▶ **Dataset records**:
####################
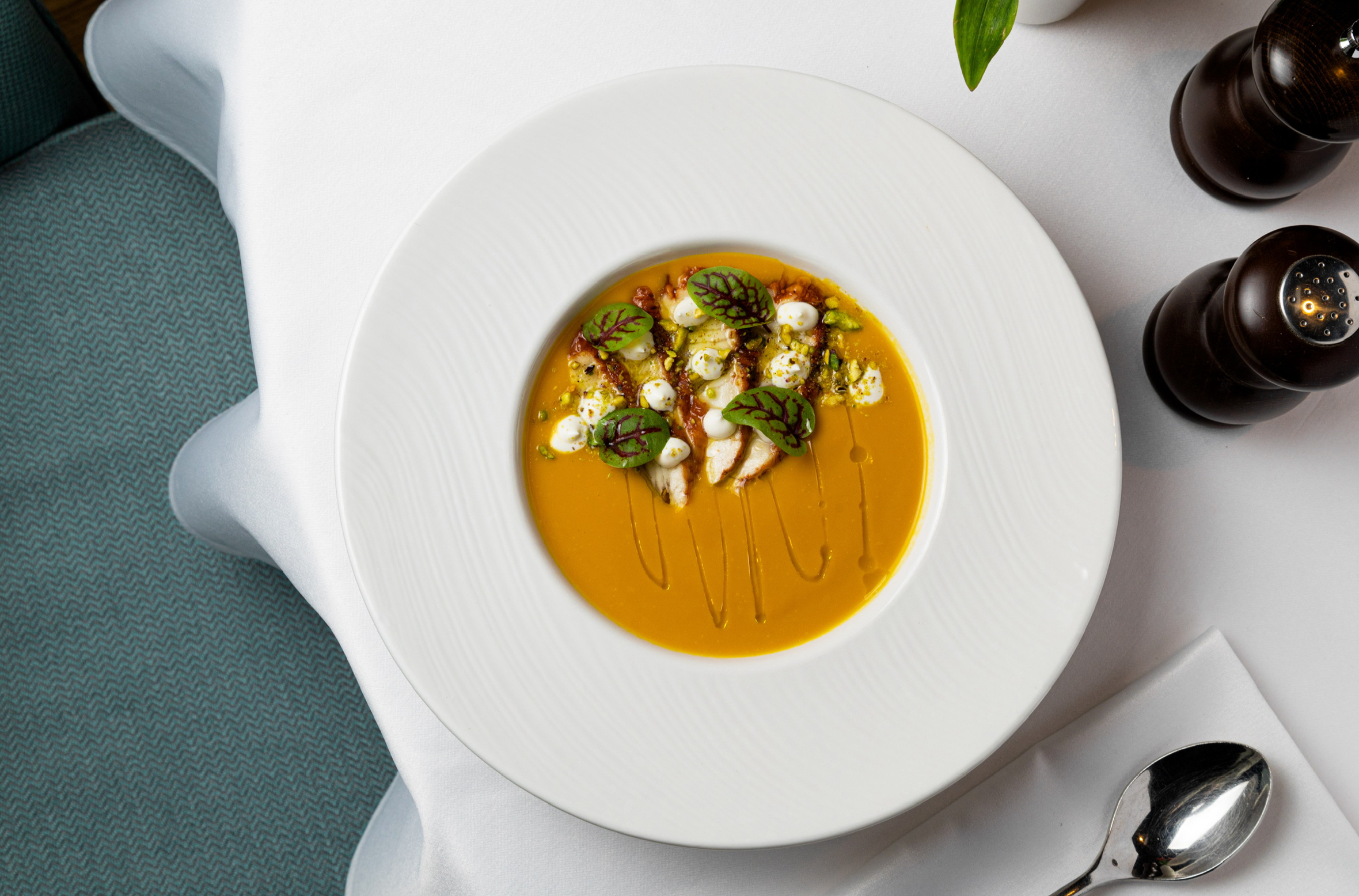 В центре внимания — натуральные осенние ингредиенты и сохранение вкусовых традиций. Хрустящий салат с груздями (750 ₽) соединяет отварной картофель с лесными грибами, сдобренными свежестью хвойных лесов. Более нежным раскрытием сезона становится салат с запечённой тыквой, эдамаме, авокадо, пармезаном и фисташками (750 ₽) — игра текстур и гармония сладости с ореховыми нотками.
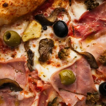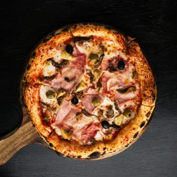 Томатна основа, прошутто котто, печериці, моцарелла, маслини, оливки, артишоки, каперси, орегано.
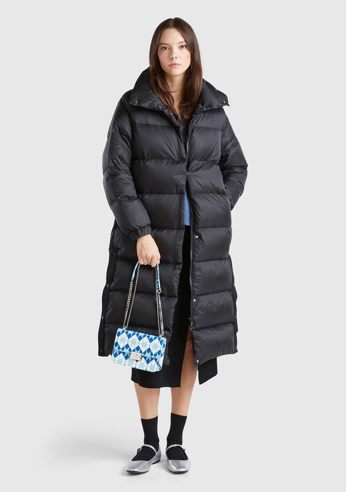 Kadın Siyah Kaz Tüyü Dolgulu Düğme Kapamalı Yüksek Yaka Uzun Şişme Mont
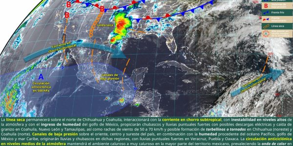 SE ESPERAN LLUVIAS FUERTES Y POSIBLE FORMACIÓN DE TORBELLINOS O TORNADOS EN COAHUILA Por Jorge Moreno 23 Abril 2025; Saltillo, Coahuila.- La Secretaría de Gobierno, a través de la Subsecretaría de Protección Civil del Estado, informa que este miércoles…
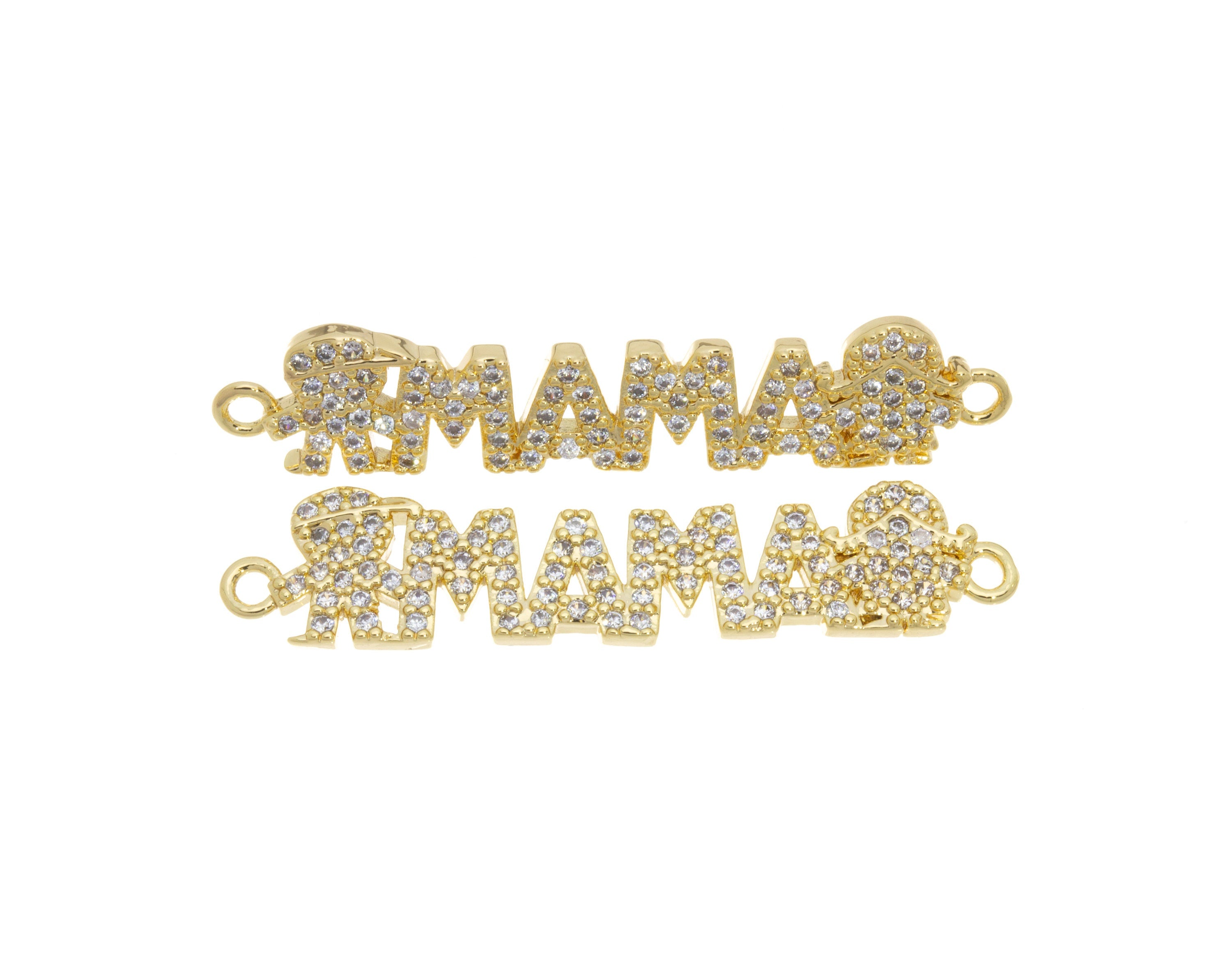 Boy And Girl With MAMA Charm For Bracelet,Gold Mama And Boy Girl Connector Charm,Mother’s Day Gift,Mama And Kids Pave CZ Charm,CNG046
####################
▶ **Activity**: Print again, word for word, every line from the line with "Kadın Siyah Kaz" to the final line of the records, inclusive; skip the pictures.

▶ **Solution to this problem**:
 Kadın Siyah Kaz Tüyü Dolgulu Düğme Kapamalı Yüksek Yaka Uzun Şişme Mont
 SE ESPERAN LLUVIAS FUERTES Y POSIBLE FORMACIÓN DE TORBELLINOS O TORNADOS EN COAHUILA Por Jorge Moreno 23 Abril 2025; Saltillo, Coahuila.- La Secretaría de Gobierno, a través de la Subsecretaría de Protección Civil del Estado, informa que este miércoles…
 Boy And Girl With MAMA Charm For Bracelet,Gold Mama And Boy Girl Connector Charm,Mother’s Day Gift,Mama And Kids Pave CZ Charm,CNG046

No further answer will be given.